Actually, with the inter-tubes, it's not that hard. There's these things called search engines and most organizations have websites. Using Google, I found the website of the Nobel Prize Committee and read all about their decision about Gandhi. You can also read about the other prizes, all the prize winners and reasons why the committees have made the decisions that they have made. It's fascinating reading.
Maureen, you should check it out.
According to The Nobel Prize Committee, the only reason that Gandhi did not receive a Nobel Peace Prize is that he was assassinated 2 days before the nomination deadline for 1948. He had received 6 letters of nomination. The committee does not award prizes to the deceased. They actually considered it in Gandhi's case, but because he left no estate to which they could award the cash prize, had left no will, and belonged to no organizations who could have benefited from the funds, the decision was made to award no prize that year. Does this mean that the prize would have gone to Gandhi had he lived? Most likely. They won't say - obviously (if they did, that in effect would be making an award) - but they did say that there was no one living suitable to make the award.
A lawyer living in South Africa, Gandhi returned to India in 1915 and spent the next years an active nationalist working to end British rule and attempting to unite the Hindus, Muslims, and Christians. He also tried, unsuccessfully, to integrate the untouchables into society. Attempts that were unsuccessful.

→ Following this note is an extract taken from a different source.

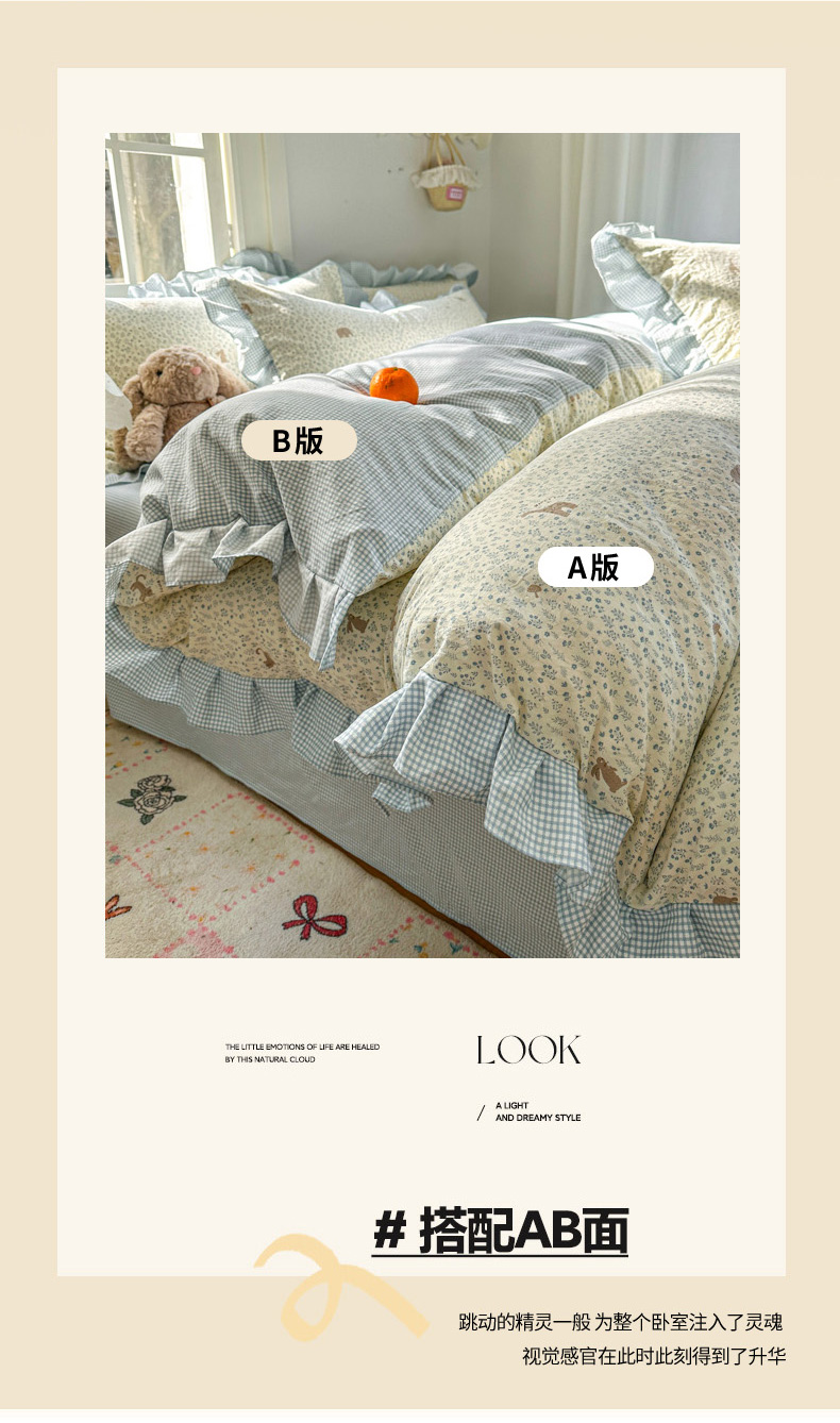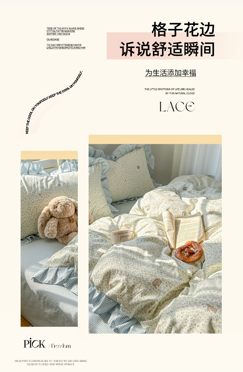 (总)柒月家居 2026新款韩系仿棉小格花边四件套,莓果,萌物,七分甜,甜桔,甜心狗,微笑,午后时光,线条猫,小柠檬,心愿狗,星星格,叶初开
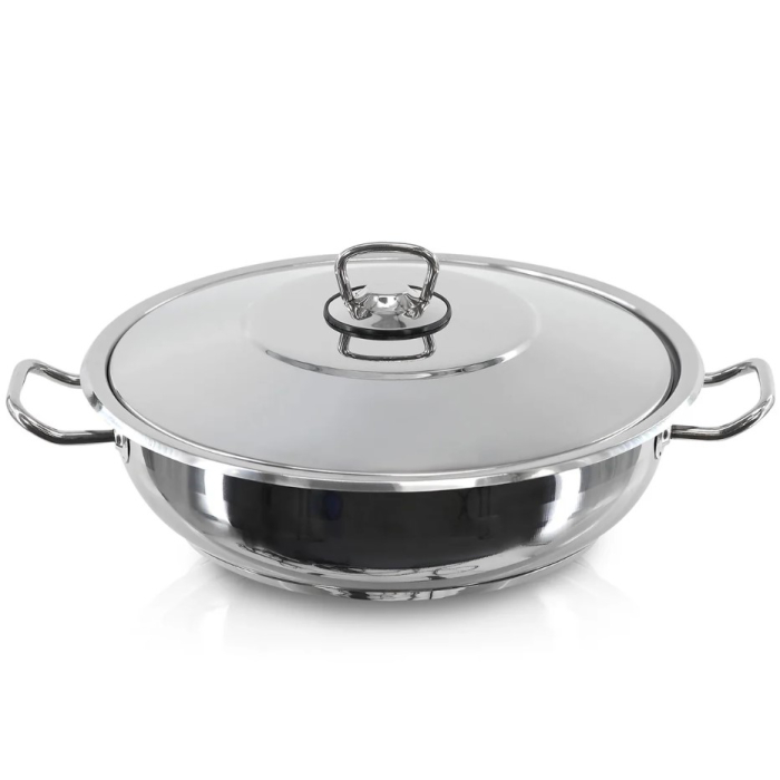 ARIAN šerpa gastro plitka izrađena je od kvalitetnog nerđajućeg čelika koji obezbjeđuje dugotrajnost i otpornost na habanje. Sa zapreminom od 3 litre i prečnikom od 24cm, pogodna je za pripremu raznovrsnih jela u domaćinstvu ili profesionalnoj kuhinji. Plitka forma omogućava ravnomjerno kuvanje i lakši pristup namirnicama tokom pripreme. Jednostavna za održavanje i čišćenje, ova šerpa kombinuje praktičnost, funkcionalnost i moderan izgled, čineći je neizostavnim dijelom posuđa.

Between 1937 and 1947, India experienced 3 conflicts. The first, against British rule in which they succeeded. The second, was between Hindu and Muslim - a conflict that exists to this date, and the third, India's participation in WWII.
In 1947 came the Great Partition. British rule was ended, WWII was over, but attempts to unite the Hindus and Muslims was futile. With partition came the creation of Pakistan and India as two separate states. Along with violence and bloodshed, everyone had to move. Muslims to the west and Pakistan, Hindus to the east. Gandhi's philosophy of non-violence, his teachings, and his followers was credited with reducing the amount of bloodshed during the partition conflicts.
It appeared that war was inevitable between Hindus Muslims in Pakistan and some say he was wavering in his non-violent stance. In fact, his statements on justice for Pakistani Hindus were repeated without his concluding statement that "he had no place in a new order where they wanted an army, a navy, an air force and what not."
On January 30, 1948, Mahatma Gandhi was assassinated.